本步骤中,对于基于语音活性检测方法从音频信号中截取音频片段所采用的具体算法,本申请可以不做限定,例如可以采用能量与过零率双门限算法、噪声-语音分类模型算法、方差法、谱距离法、谱熵法中的一种或多种。以采用能量与过零率双门限算法为例,如图4所示,步骤201例如可以包括如下步骤401至步骤404。
步骤401,首先对音频信号进行分帧,然后逐帧计算各帧的短时平均能量,得到短时能量包络。
其中,可以以一个固定时长对音频信号进行分帧,以固定时长为1秒为例,则可以将音频信号第0秒至第1秒分为一帧,第1秒至第2秒分为一帧,第3秒至第4秒分为一帧,……,从而完成对音频信号的分帧。一帧的短时平均能量即为该帧的平均能量,对能量包络进行连线即可得到短时能量包络。

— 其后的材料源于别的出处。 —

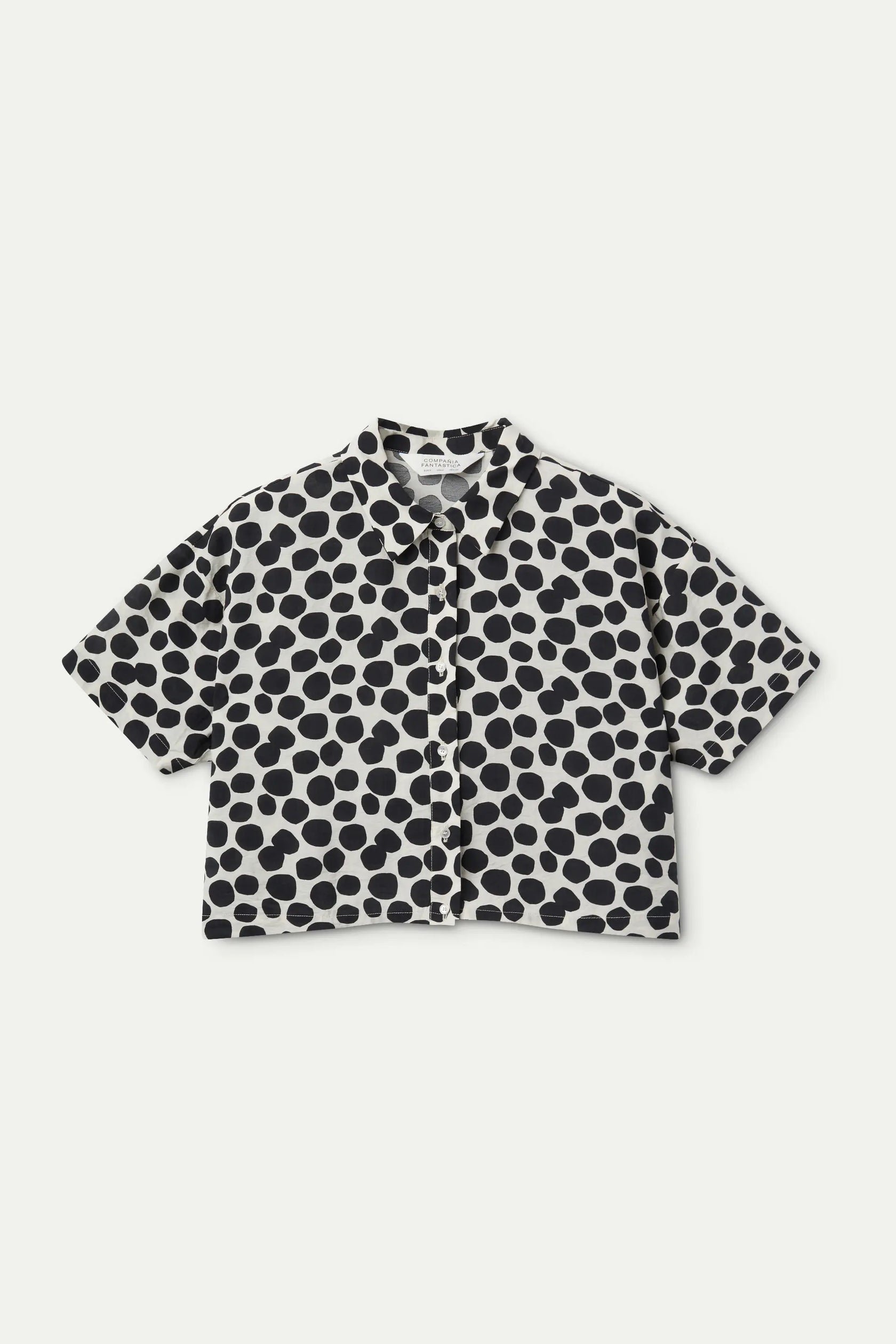 Camisa fluida en crepe ligero con estampado geométrico Terrazo. Con cuello solapa y manga corta. Cierre frontal con botones.

步骤402,选择一个较高的阈值T1,标记T1与短时能量包络的首尾交点为C和D。
其中,高于阈值T1的部分被认为是语音的概率较高。
步骤403,选取一个较低的阈值T2,其与短时能量包络的交点B位于C的左边,交点E位于D的右边。
其中,T2小于T1。
步骤404,计算各帧的短时平均过零率,选取阈值T3,其与短时平均过零 率线的交点A位于B的左边,交点F位于E的右边。
其中,一帧的短时平均过零率即为该帧的平均过零率。
至此,交点A和F即为基于语音活性检测方法所确定的该音频信号的两个端点,交点A至交点F的音频片段即为基于语音活性检测方法从音频信号中所截取音频片段。
需要说明的是,步骤401至步骤404以从一段音频信号中只截取出一个音频片段为例,可以理解的是,从一段音频信号中也可以截取出多个音频片段,本申请对此可以不做限定。

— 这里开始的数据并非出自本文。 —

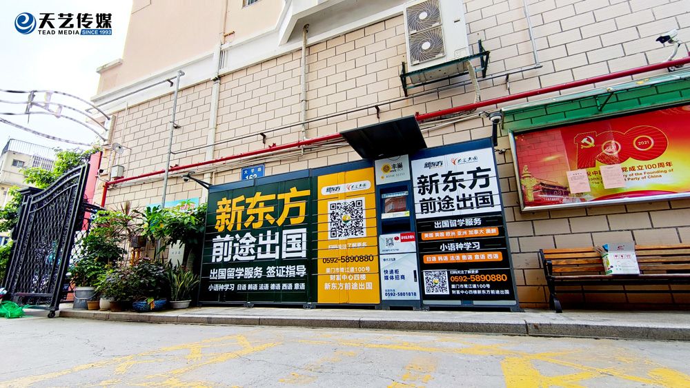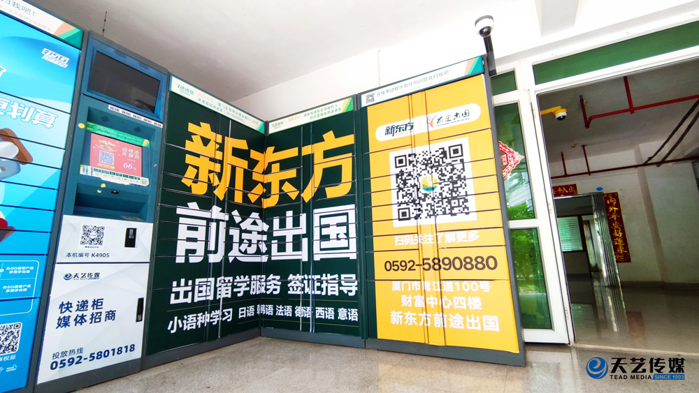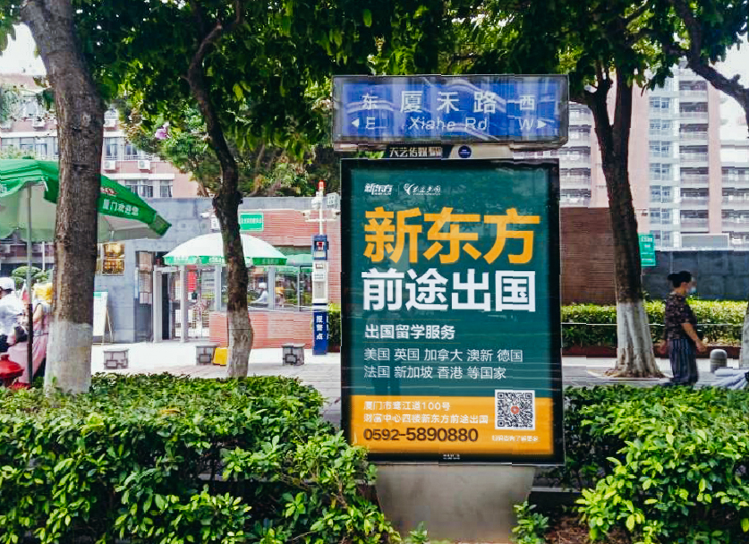 廈門新東方前途出國服務機構(gòu)位于鷺江道財務中心四樓,與廈門天藝傳媒合作,目前在主干道路名牌與生活小區(qū)的快遞柜媒體進行部分宣傳合作。

步骤202,采用滑动窗口方法对所述音频片段进行目标处理,得到所述音频片段的处理结果。
本步骤中,采用滑动窗口方法对一个音频片段进行目标处理,具体可以是指采用滑动窗口方法截取该音频片段中的音频子片段,并对音频子片段进行目标处理。由于滑动窗口方法可以在一个或多个窗口中将语音活性检测所截取出的音频片段中包括的噪声排除在外。例如,如图3A所示,假设音频片段的开始部分包括噪声,则音频子片段X1可以将该噪声排除在外。再例如,如图3B所示,假设音频片段的中间部分包括噪声,则音频子片段X2可以将该噪声排除在外。又例如,如图3C所示,假设音频片段的结束部分包括噪声,则音频子片段X3可以将该噪声排除在外。需要说明的是,图3A至图3C中网线填充的部分用于表示噪声。
可以理解的是,在步骤202中一个音频片段的处理结果具体可以为对于该音频片段中的一个音频子片段进行目标处理所得到的处理结果。

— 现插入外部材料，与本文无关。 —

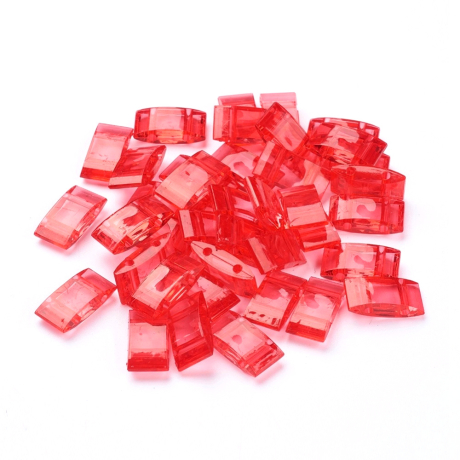 Tyto plastové korálky ve tvaru obdélníčků s dvěma dírkami jsou ideální pro jemné korálkové obšívání. Jejich jednoduchý tvar je perfektní pro kombinaci s drobnými rocailovými korálky nebo korálky Miyuki Delica 11/0. Korálky vám umožní vytvářet precizní a detailní vzory pro vaše šperky a dekorace.

目标处理具体可以为在基于语音活性检测方法进行语音端点检测之后进一步可以进行的任意类型的处理。可选的,目标处理可以包括下述中的任意一种:语音识别处理、语音匹配处理或语音端点检测处理。其中,语音识别处理可以是指识别出音频片段中语音信号对应的文字;语音匹配处理可以是指确定与音频片段匹配的目标语音。
可选的,对步骤201所截取的音频片段,可以根据实际需求,均通过步骤202的方式得到音频片段的处理结果,或者有选择的通过步骤202的方式得到音频片段的处理结果。其中,该实际需求例如可以为节省运算资源需求、功能实现需求、简化设计需求等。
例如,当目标处理为语音端点检测处理时,为了提高语音端点检测结果 准确性(即为功能实现需求),对于步骤201所截取的音频片段,可以均通过步骤202的方式确定音频片段更准确的语音端点检测结果。
又例如,由于滑动窗口方法对于运算资源消耗较大,当目标处理为语音识别处理或语音匹配处理时,为了节省运算资源(即为节省运算资源需求),对于步骤201所截取的音频片段可以进行预设处理,并根据预设处理得到的结果,判断是否执行步骤202。其中,预设处理例如可以为时长确定处理,进一步的可以根据所确定的音频片段的时长判断是否执行步骤202;或者,预设处理例如可以为特征提取处理,进一步的可以根据所提取的音频特征判断是否执行步骤202。
又例如,当目标处理为语音识别处理或语音匹配处理时,为了简化设计(即为简化实现需求)在能满足功能需求且不考虑节省运算资源的情况下,对于步骤201所截取的音频片段,可以均通过步骤202的方式确定音频片段更准确的语音端点检测结果。
可选的,步骤202在采用滑动窗口方法对音频片段进行目标处理时,可以根据实现需求对该音频片段的所有音频子片段均进行目标处理,或者根据当前正在处理的音频子片段(即,当前子片段)的处理结果决定是否对当前子片段的下一个音频子片段进行目标处理。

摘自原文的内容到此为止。